Once you find the line with "資料圖:民眾在雨中出行。中新社記者 張暢 攝" in the entries below, print it and each line after it up to and including the line with "Quadro Vecchia Milano", exactly, without pictures.

#### Dataset excerpts ####

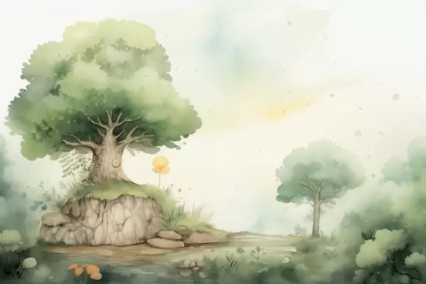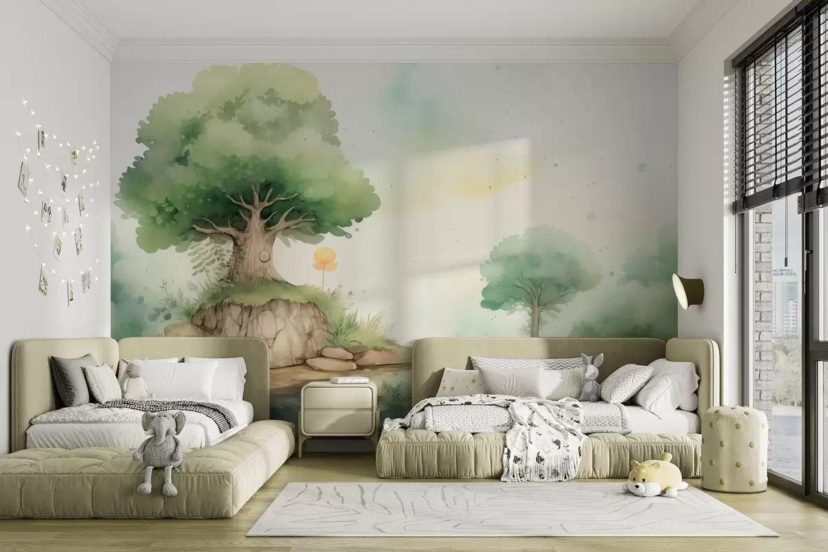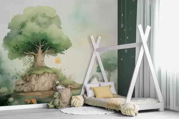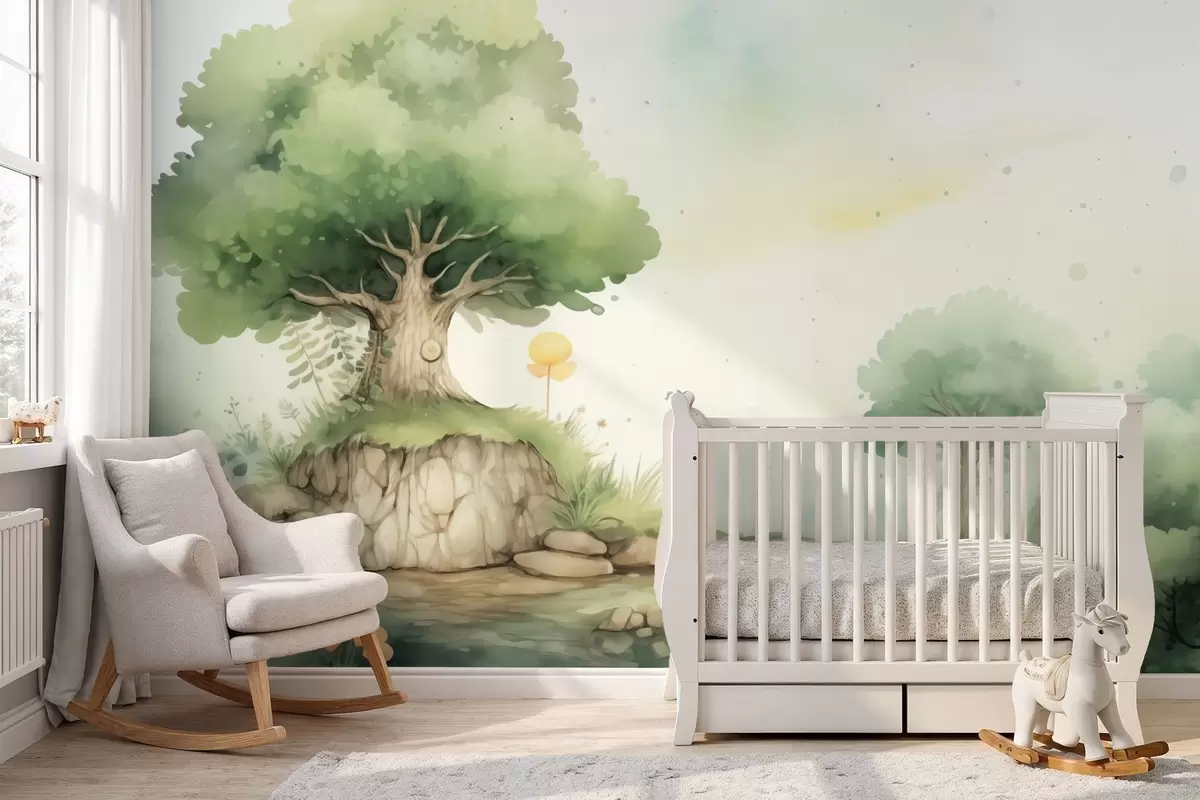 Fototapeten Eine märchenhafte Welt der Kindheit in einer grünen Waldlandschaft, im Aquarellstil N° w09566
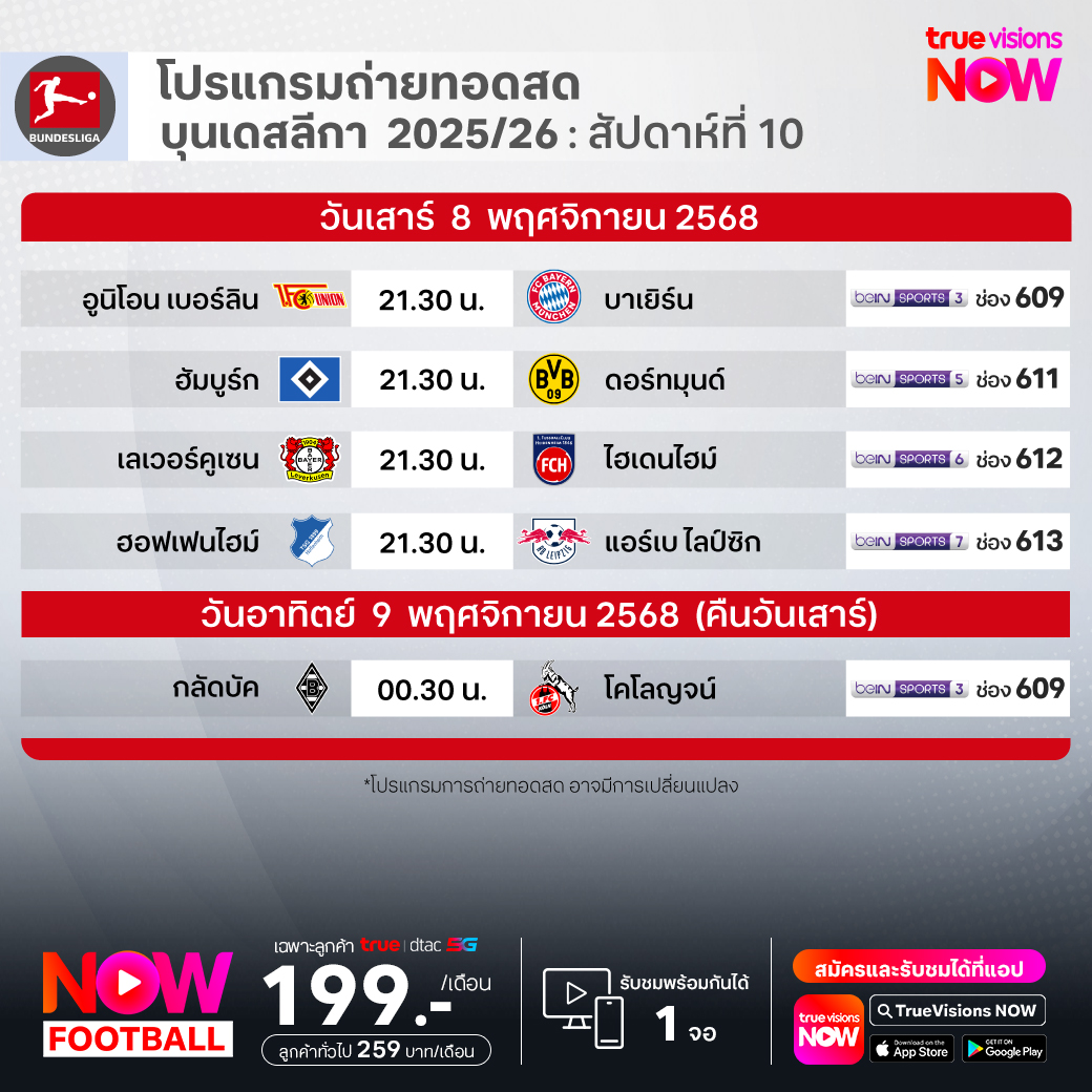 FC Union vs Bayern เวลา 21.30-23.30 ทางช่อง beIN 3 (609)
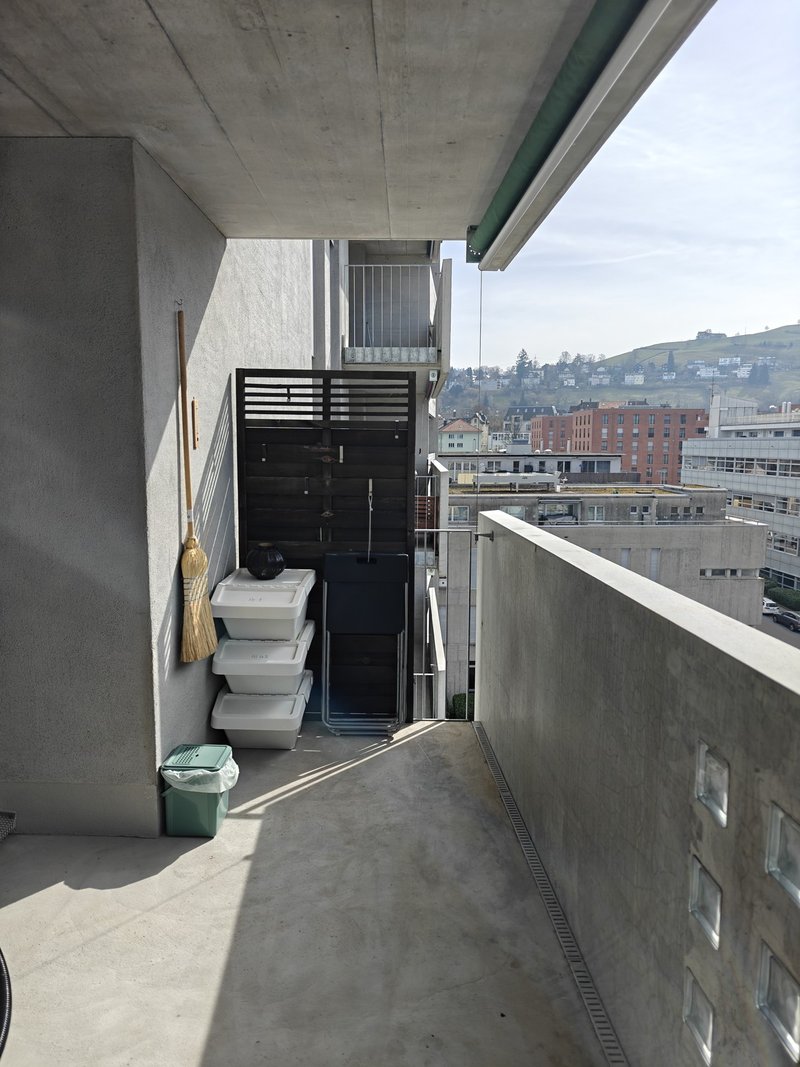 Ein besonderes Highlight ist der grosse, sonnige Balkon mit schöner Aussicht über St. Gallen. Dank grosser Fenster sind die Räume sehr hell und freundlich.
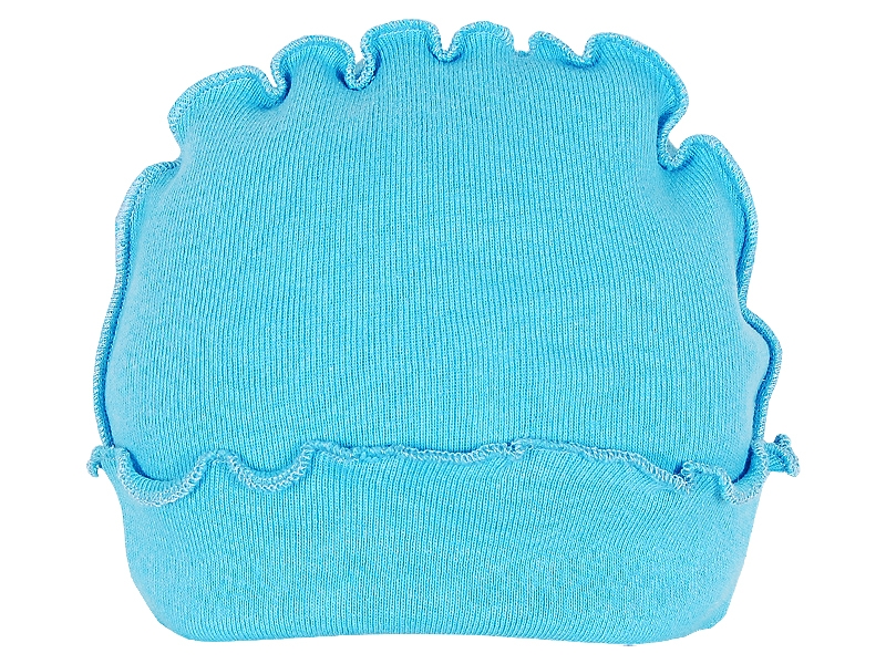 Шапочка из эластичного трикотажного полотна (ластик). Низ шапочки с отворотом. Швы отделочные на лицевую сторону.
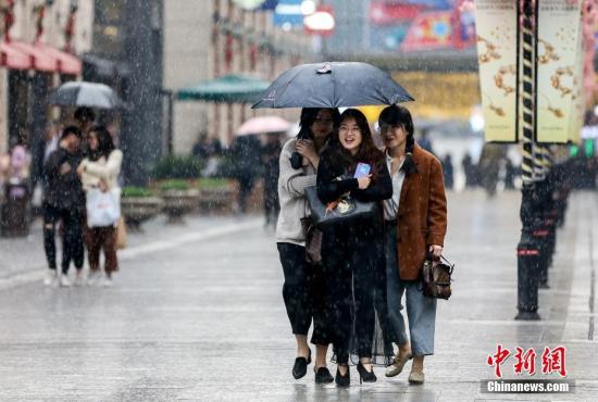資料圖:民眾在雨中出行。中新社記者 張暢 攝
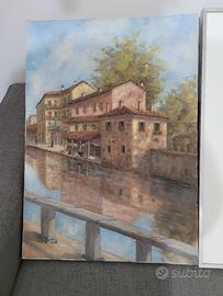 Quadro Vecchia Milano " Naviglio " F.Fantini olio su tela 50x70 con garanzia
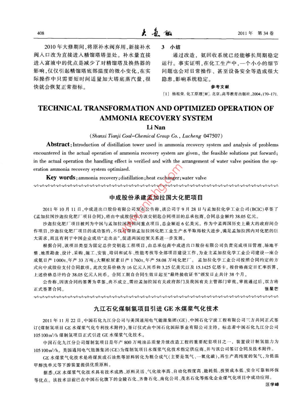 2011年第34卷2010年大修期間,將原補(bǔ)水閥棄用,新接補(bǔ)水3小結(jié)閥人口改為直接進(jìn)入精餾塔塔釜處。補(bǔ)水量直接通過改造,氨回收系統(tǒng)已經(jīng)能夠長周期穩(wěn)定進(jìn)人富液中的優(yōu)點(diǎn)是減少了對精餾塔及換熱器的運(yùn)行。事實(shí)證明,在化工生產(chǎn)中,一個(gè)小小的細(xì)節(jié)影響,僅僅引起精餾塔底部溫度的微小變化,在實(shí)問題也會(huì)對日常操作、甚至設(shè)備安全等造成很大際操作中只需要短時(shí)間適量加大塔底蒸汽量,很隱患,影響系統(tǒng)穩(wěn)定??炀蜁?huì)恢復(fù)正常指標(biāo)。參考文獻(xiàn)[1]楊祖榮.化工原理[M].北京:高等教育出版社,2004:170-171.TECHNICAL TRANSFORMATION AND OPTIMIZED OPERATION OFAMMONIA RECOVERY SYSTEMLi Nan(Shanxi Tianji Coal-Chemical Group Co., Lucheng 047507)Abstract: Introduction of distillation tower used in ammonia recovery system and analysis of problemsencountered in the actual operation of ammonia recovery system are given, the feasible solutions put forwardin the actual operation the handling effect is verified and with the arrangement of water valve position the operation ammonia recovery system optimizedKey words: ammonia recovery; distillation; heat exchanger; water valve中成股份承建孟加拉國大化肥項(xiàng)目2011年10月11日,中成進(jìn)出口股份有限公司發(fā)布公告稱,該公司于9月28日與孟加拉化學(xué)工業(yè)公司(BCIC)草簽了《孟加拉國沙迦拉化肥廠項(xiàng)目合同》,將由中成股份作為該交鑰匙合同項(xiàng)目的總承包商,合同總金額約3805億元。沙迦拉化肥廠項(xiàng)目被列為中國與孟加拉國兩國間重點(diǎn)項(xiàng)目,總金額近6億美元。作為中孟兩國歷史上最大的政府間合作項(xiàng)目,沙迦拉化肥廠項(xiàng)目的成功簽約,不僅可幫助孟加拉國化肥工業(yè)生產(chǎn)水平取得較大進(jìn)步,滿足孟加拉國內(nèi)對化肥的巨大需求,而且有利于中國企業(yè)成功“走出去”,促進(jìn)兩國經(jīng)貿(mào)關(guān)系進(jìn)一步發(fā)展。據(jù)合同,該項(xiàng)目類型為固定總價(jià)交鑰匙工程項(xiàng)目,由總承包商中成進(jìn)出口股份有限公司負(fù)責(zé)完成項(xiàng)目管理、場地平整、地質(zhì)勘查、設(shè)計(jì)、采購、施工、安裝、培訓(xùn)和試車、性能考核等全部項(xiàng)目建設(shè)工作,為業(yè)主孟加拉化學(xué)工業(yè)公司建設(shè)一座合成氨日產(chǎn)1000t、年產(chǎn)33萬噸;大顆粒尿素日產(chǎn)1760t,年產(chǎn)5808萬噸化肥廠。孟加拉化學(xué)工業(yè)公司按照合同約定的方式向中成股份支付合同款項(xiàng)。此次交易價(jià)格為16億元人民幣和3.25億美元以及15.1425億塔卡。按價(jià)格商定日匯率折算,上述價(jià)格總計(jì)約合3805億元人民幣。合同工期自合同生效日起至“最終接收證書”頒發(fā)日止共計(jì)38個(gè)月。公告稱,因該合同的簽署為草簽,尚不成立,需經(jīng)孟加拉國有關(guān)政府部門及我國有關(guān)主管部門審批。審批通過后,雙方將正式簽署合同。張星芒九江石化煤制氫項(xiàng)目引進(jìn)GE水煤漿氣化技術(shù)2011年11月22日,中國石化九江分公司與美國通用電氣能源集團(tuán)(CE)、中國石化寧波工程有限公司三方共同正式簽訂《煤制氫項(xiàng)目GE水煤漿氣化專利技術(shù)附件》,簽訂儀式由中國石化國際事業(yè)有限公司主持。標(biāo)志著中國石化九江分公司105100m3/h煤制氫項(xiàng)目正式引進(jìn)GE水煤漿氣化技術(shù)中國石化九江分公司煤制氫項(xiàng)目是年產(chǎn)800萬噸油品質(zhì)量升級(jí)改造工程的重要配套項(xiàng)目之一,裝置設(shè)計(jì)制氫能力為105100m}/h。美國通用電氣能源集團(tuán)(GE)為煤制氫項(xiàng)目水煤漿氣化技術(shù)指定供應(yīng)商,并與該公司簽訂合同及技術(shù)附件GE水煤漿氣化技術(shù)是將煤炭或石油焦等原料轉(zhuǎn)化為粗合成氣(主要是氫氣、一氧化碳),再生產(chǎn)高純度的氫氣,為低溫甲醇洗單元等下游裝置提供優(yōu)質(zhì)原料據(jù)悉,GE水煤漿氣化技術(shù)具有技術(shù)成熟、原料靈活、氣化效率高、自動(dòng)化程度高、能耗低、投資成本低、安全可靠和環(huán)保等優(yōu)點(diǎn)。該技術(shù)目前已在中國石化旗下的金陵石化、齊魯石化、南化公司、茂名石化等煉化企業(yè)煤氣化項(xiàng)目中成功應(yīng)用。汪學(xué)峰

####

Solution for this exercise:
資料圖:民眾在雨中出行。中新社記者 張暢 攝
 Quadro Vecchia Milano " Naviglio " F.Fantini olio su tela 50x70 con garanzia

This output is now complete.